I am breaking in my MES 40 electric smoker to day.  I have ribs in it and they are smelling great.  :)

I have a question on the water bowl.  Do you guys always use the water bowl when smoking or only on certain types of things?  I began smoking on my grill years ago with a smoker box add on.  i never used water becasue I did not know better, I guess.  With the last smoker and this new MES 40, I have just used the water bowl almost all the time. I am just wondering if thats the best way to do it or not. 

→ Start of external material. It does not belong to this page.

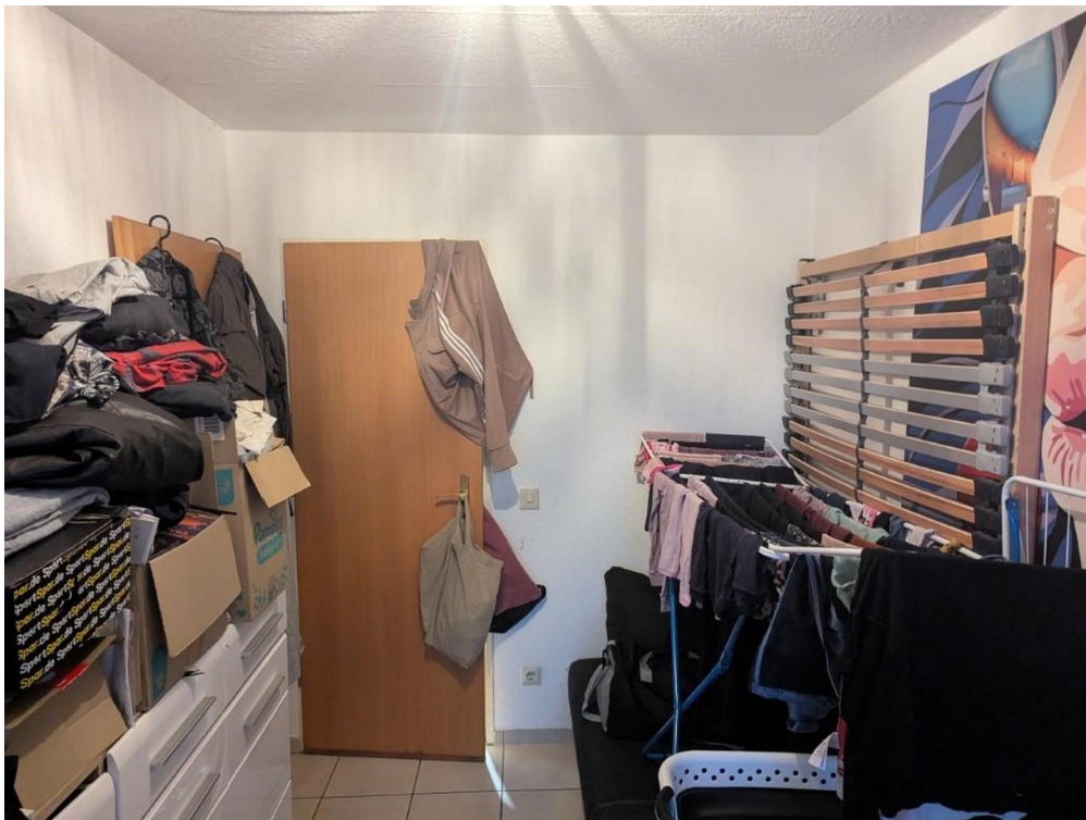
Durchgang zum Balkon

Any advice is appreciated.  Thanks.


----------



## eman (Nov 20, 2010)

Use the water bowl ! It not only creates a moist smoke inviroment but it also acts as a heat shield for the meat above it.

 I have smoked a few things w/o the pan and it doesn't come out near as good .


----------



## tjohnson (Nov 20, 2010)

Using the water pan is a personal preference.  Just as Eman swears by it, I don;t use it.  I think you'll find both opinions for and against using it.  For ribs, I smoke for 3 hours, add moisture and wrap for 2 hours, and finish up by unwrapping the ribs and either finish in my smoker for another hour, or on the grill for 15 minutes or so.  This works for me, but may not for others.

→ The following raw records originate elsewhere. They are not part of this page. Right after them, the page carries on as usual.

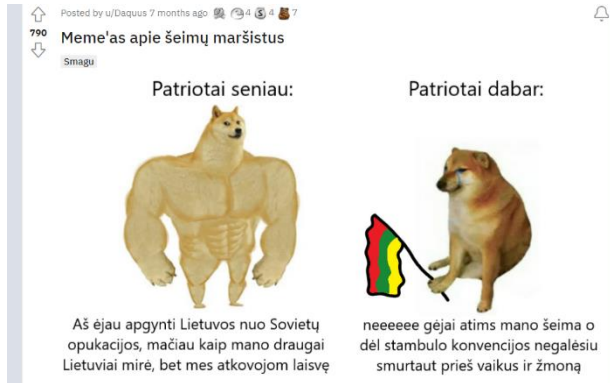
Paveikslas 41: internetinis memas – humoristinis pavyzdys

jei jį turėčiau“, taip buvo mėginama pabrėžti, kad protestuotojai yra iš silpnesnės ekonominės klasės bei žemesnio išsilavinimo.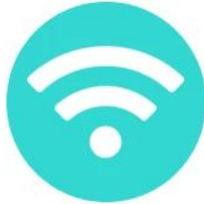
2.4G+5G Dual Mode WIFI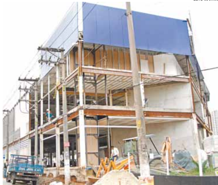
Embargada - Trabalhos de igreja desrespeitam determinação da SDU

Prefeitura notificou, multou e embargou construção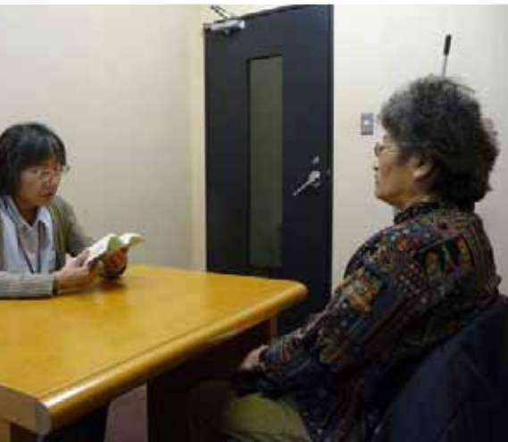
視覚が不自由な方へ図書館員が 対面朗読をします

誰もが使いやすい 図書館サービス (図書館利用が困難な方への ハンディキャップ・サービスのご案内)

Now, for long smokes like brisket or pork butt, I fill a disposable pan with some water and let the juices from the meat drip into the same pan.the water pan.  Again, personal preference.

Some guys fill the water pan with sand adn use it for a heat sink.

Make sure you wrap your water pan and lower drip pan with foil!!!  Much easier clean up!

Enjoy!

Todd


----------



## cxthree (Nov 20, 2010)

Thank you both.  I am use to no water and I think I liked the ribs better using that method.  I am still learning this smoker though.  My ribs turned out good, but not as good as I use to make.  I think I may try no water next time.  WHen I use to use my grill, I would grill them with indirect heat and a smoker box.  I would keep the heat low for about 3 hours then sauce them really good and hit them with high heat to singe the sauce a bit.  They would be a little crispy on the outside but very tender.  The ones today were good and fairly tender.  Just not as good as what I use to make.  Like I said, I am still learning this smoker so that could be part of it for sure. 

Enjoying the MES.


----------



## eman (Nov 20, 2010)

TJ is right. It's all in the cook.

 if you are used to having a lil bark on your ribs you won't get that w/ the water in the pan. The steam is what makes everything so moist and fall off the bone. Not using the pan will allow the meat to form a good bark.


----------



## chillicothe (Nov 20, 2010)

I used a the water pan but made up a mixture of vinegar and apple juice in there and smoked my ribs today for roughly 6 hours.  Put the sauce on there after four and half hours or so and then wrapped them up in foil for 45 minutes and shut the vents to keep them warm till we were ready to eat.  Had a nice bark fell off the bone.  They were truly a thing of beauty


----------



## chillicothe (Nov 20, 2010)

I used a the water pan but made up a mixture of vinegar and apple juice in there and smoked my ribs today for roughly 6 hours.  Put the sauce on there after four and half hours or so and then wrapped them up in foil for 45 minutes and shut the vents to keep them warm till we were ready to eat.  Had a nice bark fell off the bone.  They were truly a thing of beauty


----------